『敗れざる者たち』

敗れざる者たち (文春文庫)
競馬漬け第5弾。大学生の頃、沢木耕太郎の一連のノンフィクションにハマったことがあって、そのとき以来の再読。
本書は沢木耕太郎のライターとして最初期のルポルタージュ作品集。ボクシングや野球、マラソンといったさまざまなスポーツにおいて、一旦は頂点を極めた(または極めかけた)選手たちのその後を追っている。

 ここに収められた六篇の作品は、「勝負の世界に何かを賭け、喪っていった者たち」という主題に沿い五年間にわたって書きつづけられてきたものだ。それぞれが独立し完結してはいるが、その意味ではひとつのまとまった長編と考えられなくもない。いや、むしろそう読まれることを望んでいるといった方が正直だろう。
(「あとがき」より)

その六篇のうちのひとつ、最も古い昭和47年初出の作品が「イシノヒカル、おまえは走った!」という競馬のルポ。


1972年の皐月賞で直線すばらしい脚で追い込み2着となり、続く日本ダービーでも有力視された関東馬イシノヒカル。筆者は同馬を管理する浅野厩舎にダービーの数日前から泊まりこみ、調教師・厩務員・騎手・新聞記者といった関係者の人間模様や、レース直前に飛び交う怪情報などを克明に記録することで、大一番を前にして徐々に高まっていく緊張感をうまく伝えている。
競馬のクラシックレースは、一頭の馬が生涯でただ一度しか挑戦できない。その一回限りのチャンスというところにこそ、夢があり神秘性が生じてくる。

 日本ダービーが、天皇賞にも有馬記念にもない熱気を生む理由のひとつは、“たった一度”を持ちうるものへの人々の羨望が、乱反射するからにちがいない。

この本に収められた他の作品の主人公たちと同じく、イシノヒカルとその関係者たちは、日本ダービーという生涯でただ一度の最高の舞台に挑戦することになる。
筆者は取材を続けるうち、レース後半に先行馬に追いつき抜き去る追い込み馬のイシノヒカルが、もしダービーの栄光をつかんでしまったなら、その次に追いかけるべきものは何なのか? …という疑問を持つ。
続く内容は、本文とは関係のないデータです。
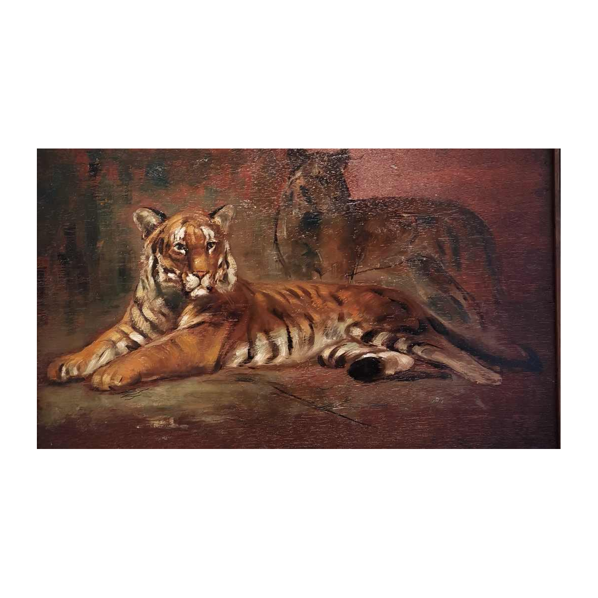 Henri van Zuylen, olieverf op paneel, aan beide zijden beschilderd, landschap en tijgers.
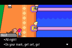 In order to be determined if you are fit to meet with Master Poky, Lucas and company must partake in a few games. And lose at them. The first game you should hit only 9 moles. Hitting the man will get you shocked. After losing go to the next room.
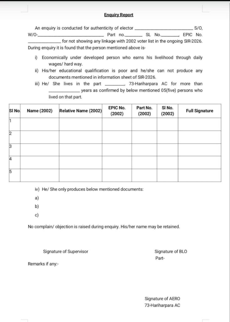 স্পেশাল রোল অবজার্ভার সুব্রত গুপ্ত সংশ্লিষ্টয়এই নথির উল্লেখ করে এই প্রতিবেদককে বলেন, আমরা এরকম কোনও আবেদনপত্র বিলি করিনি। ১৯ জানুয়ারি এবং ৯ ফেব্রুয়ারি সুপ্রিম কোর্ট এসআইআর-এ মান্যতার জন্য যেসব নথির কথা উল্লেখ করেছে, সেগুলো মেনে চলা হচ্ছে। এধরণের ভুয়া নথি ছড়িয়ে বিভ্রান্তি তৈরির চেষ্টা হচ্ছে।
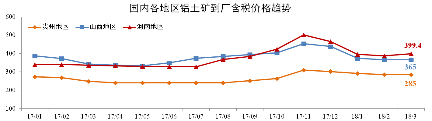 3月份各地鋁土礦價(jià)格保持穩(wěn)定。截止2018年3月,貴州(AL:60%,A/S:5.5-6)到廠(chǎng)含稅價(jià)月均價(jià)285元/噸,環(huán)比無(wú)變動(dòng);山西鋁土礦365元/噸,環(huán)比無(wú)變動(dòng);河南鋁土礦399.4元/噸,環(huán)比上漲3.07%。
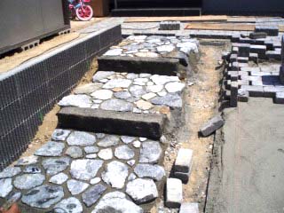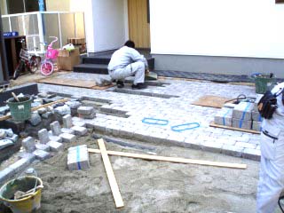 | 石を組み合わせているところです。厚みのある石材を使用しているので、作業性は悪いです。 | 作業性が悪くても、厚みのある石材を使用したため、サイド部分にも石材面が表れ、インターロッキング部分との高低差があっても、見栄えが悪くなりません。 | |
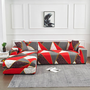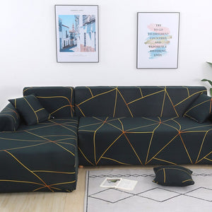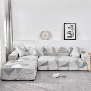 Printed Sofa Slipcover Square Pattern Couch Cover Elastic Sofa Cover for Corner Sofa Pets Chaselong Protector L shape Anti-dust Removeble
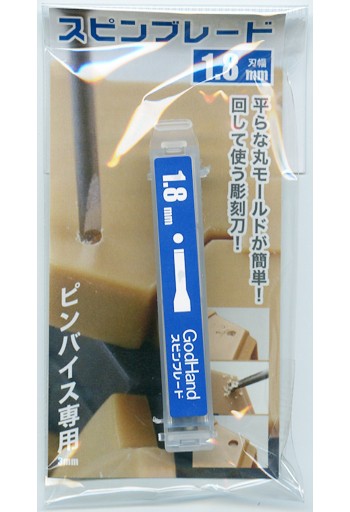 ナイフ・カッターなどです。 。 平らな丸モールドが簡単! 回して使う彫刻刀! スピンブレードは、ピンバイスに取り付けて使用する彫刻刀です。 ※刃物なので、蓋を開けるときや、ご使用する際は注意してお取り扱いください。 ・スピンブレードのおすすめの使い方をする場合には、グリップ付きのピンバイスや、同径のドリル刃がいります。 ・細かいタイプのディティールアップパーツがあるので、ドリル刃だと綺麗に入らないが、スピンブレードで作業を行えば綺麗な仕上がりになります。 彫刻刀としても、普通に使用することができます。 <使用時の注意> ※使い方を誤ると刃が欠けます。 回して使用する場合、下穴が必須です。 回転時は刃を押し付けず、自重のみで回して下さい。 ※素材の特性上、錆びが発生しますので、錆油をお塗りください。 (ゴッドハンド ウェブサイトより)
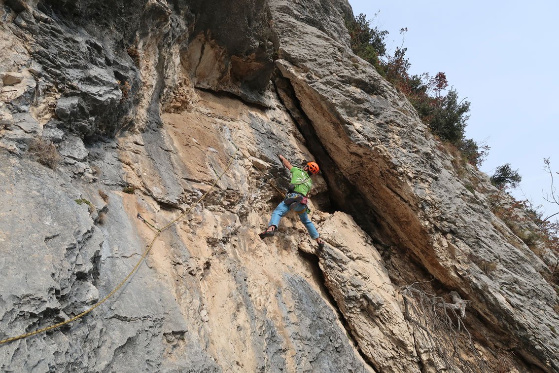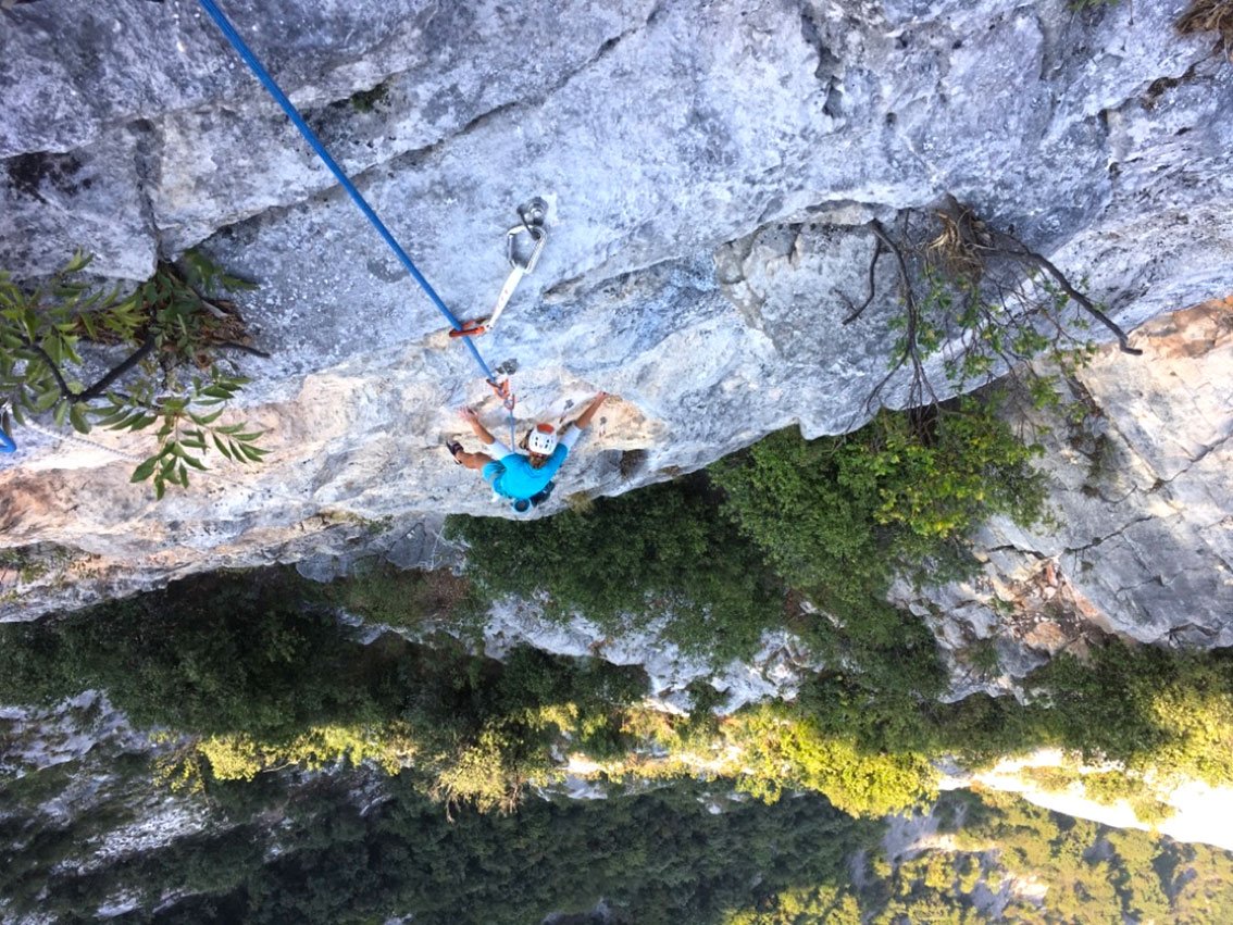 Großartige Verschneidungskletterei in fast immer gutem Fels. Sehr steil und athletisch, aber immer perfekt mit Bohrhaken gesichert. Die Crux wartet in der letzten Seillänge - diese kann aber gut A0 geklettert werden. Dort, wo der Fels in der Verschneidung brüchig ist, weicht die Route geschickt nach links auf tolle Tropflochplatten aus. Eine wirklich empfehlenswerte Route!
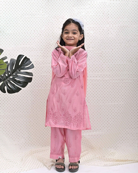 Elegant Floral Hand Embroidered Chikankari Suit Set
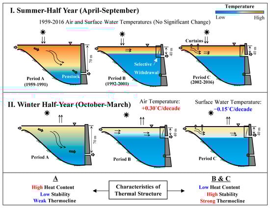 The downstream outflow control by DPW and SW and the upstream inflow interception by VCs can explain the significant differences in water temperature distributions between the three periods for both the summer half-year and winter half-year, as shown in Figure 9.
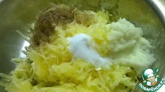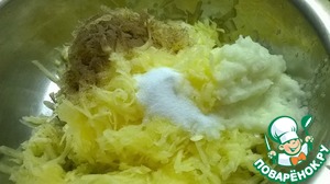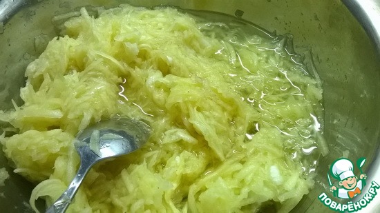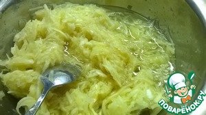 Трем кабачок на крупной терке. К нему добавляем соль, измельченный лук и черный душистый перец. Хорошо перемешать.
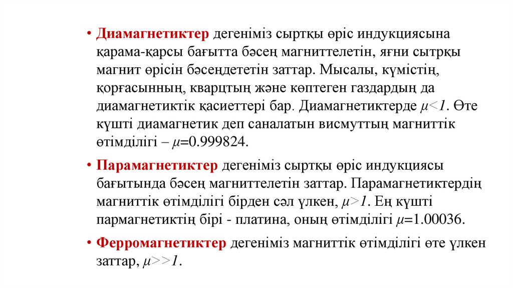 • Диамагнетиктер дегенiмiз сыртқы өрiс индукциясынақарама-қарсы бағытта бәсең магниттелетiн, яғни сытрқы
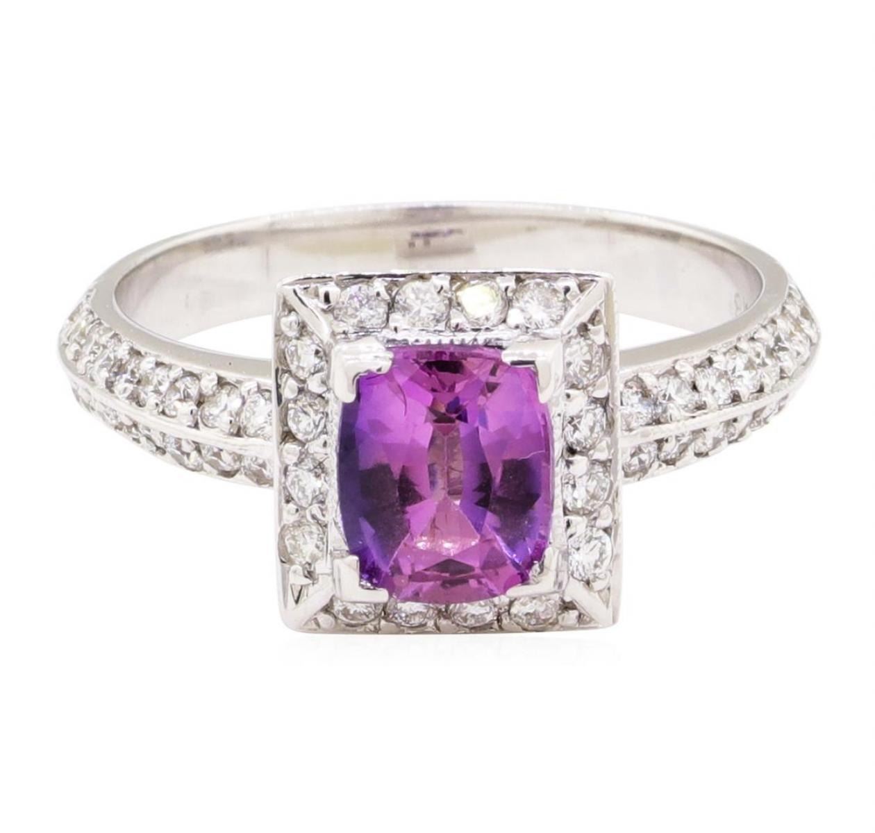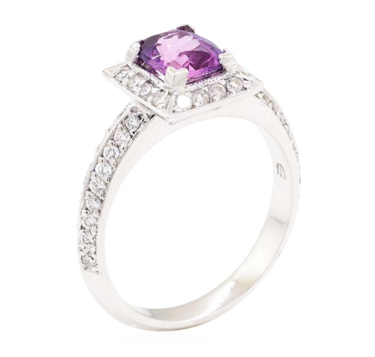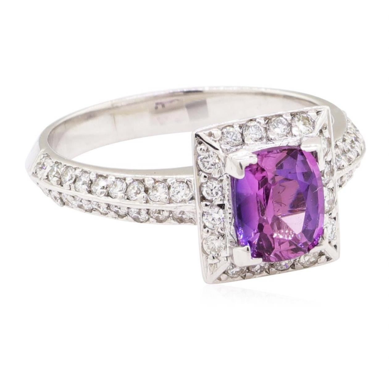 One electronically tested 18KT white gold lady's cast fashion ring with a knife edge cathedral shank with a bright polish finish. The featured lady's ring has a shank measuring 2.70 millimeters wide. Identified with markings of '18K'. Condition is new, good workmanship. Containing: One prong set rectangular cushion modified mixed cut natural purple sapphire, measuring 6.75 x 5.51 x 3.70mm, (depth est.) approximate weight of 1.30ct., clarity is eye clean, medium, strong, purple red color, (GIA PR 5/5), cut is good. Transmitting light with no distortion, transparent. Colored gemstones are presumed to have been subjected to commonly used enhancement processes. Graded in the setting. Sixteen prong set round brilliant cut diamonds, measuring 1.50 - 1.45 x 0.92mm (depth est.) approximate total weight of 16 Stones = 0.20ct. Graded in the setting. Color H - I Clarity SI-1 to SI-2 Cut Good Thirty-Six prong set round brilliant cut diamonds, measuring 1.30 - 1.25 x 0.79mm (depth est.) approximate total weight of 36 Stones = 0.28ct. Graded in the setting. Color H - I Clarity SI-1 to SI-2 Cut Good. Total Weight of Colored Stones 1.30ct.. Total Weight of Diamonds 0.48ct.. Total Weight of Ring 4.10gm GAS Appraised at $4620.00. GAS Appraised.
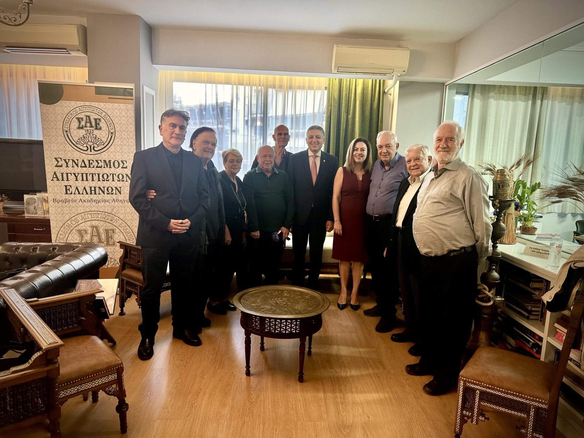 Την Πέμπτη 23 Οκτωβρίου 2025, ο Σύνδεσμος Αιγυπτιωτών Ελλήνων είχε την ιδιαίτερη τιμή και χαρά να υποδεχθεί στο φιλόξενο εντευκτήριό του τον Εξοχότατο Πρέσβη της Αραβικής Δημοκρατίας της Αιγύπτου, κ. Omar Amer Youssef. Τον Πρέσβη καλωσόρισε με θερμά λόγια ο Πρόεδρος του Συνδέσμου, κ. Κώστας Μιχαηλίδης, συνοδευόμενος από μέλη του Διοικητικού Συμβουλίου.
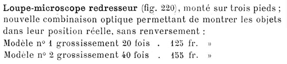 La principale caractéristique de ce microscope est la présence, entre l'objectif et l'oculaire, d'un système optique constitué par un groupement de deux lentilles qui a pour fonction de redresser l'image fournie par l'objectif puis arrivant jusqu'à l'œil. Ce dispositif permet d'observer les objets dans leur véritable position et, en particulier, de suivre le mouvement réel des instruments lors d'une dissection. Ce n'est pas le cas avec un microscope composé ordinaire qui donne une image renversée en mettant à droite ce qui est à gauche et en haut ce qui est en bas... |
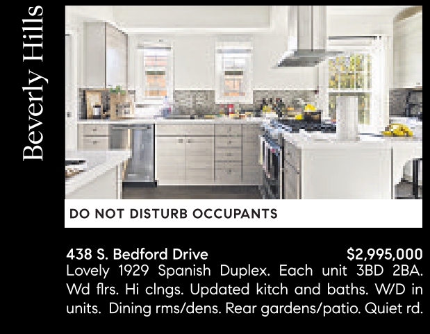 438 S. Bedford Drive $2,995,000 Lovely 1929 Spanish Duplex. Each unit 3BD 2BA.
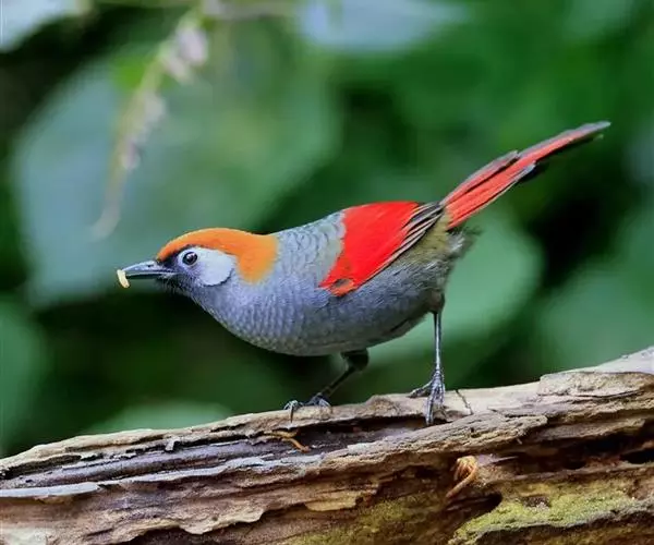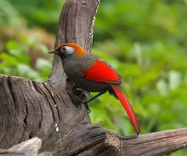 赤尾噪鹛(学名:Garrulax milnei)中型鸟类,体长24~28厘米。头顶至后颈红棕色,两翅和尾鲜红色,眼先、眉纹、颊、颏和喉黑色,眼后有一灰色块斑。其余上下体羽大都暗灰或橄榄灰色。特征极明显,特别是通过鲜红色的头顶、翅和尾。

栄光の後に待つものは何なのか?
…だがイシノヒカルは、結局直線で前を行く馬を捕えきれず、6着に敗れる。

 厩舎に戻ったイシノヒカルは、お湯でサッパリと躰を洗われた。まだ息遣いの荒い彼は、時おり無念そうに脚で宙を蹴る。
 イシノヒカル。結局おまえはこれからも“追いつく”ために走らなくてはなるまい。これからずっと。

競馬にロマンを感じる人は、このように(実際には何も考えていないであろう)競走馬たちに、結局のところ自分や社会や歴史といった、人間界の何物かを投影してレースを見ている。またそれが可能であるから、競馬にはギャンブルという即物的な面に加えて、立体的な面白さが出てくるのだろう。


ところで我々読者はルポを後から読む以上、それぞれの選手たちが「結局は敗れた」という結果を知っている。仮に読み始めたときに知っていなかったとしても、結果が出たあとでの追体験であることに違いはない。
この、既知の事実をどう読ませるかという工夫において、駆け出しのライターだった沢木氏の苦労が六篇の作品いずれからもうかがえて、それはそれで興味深かった。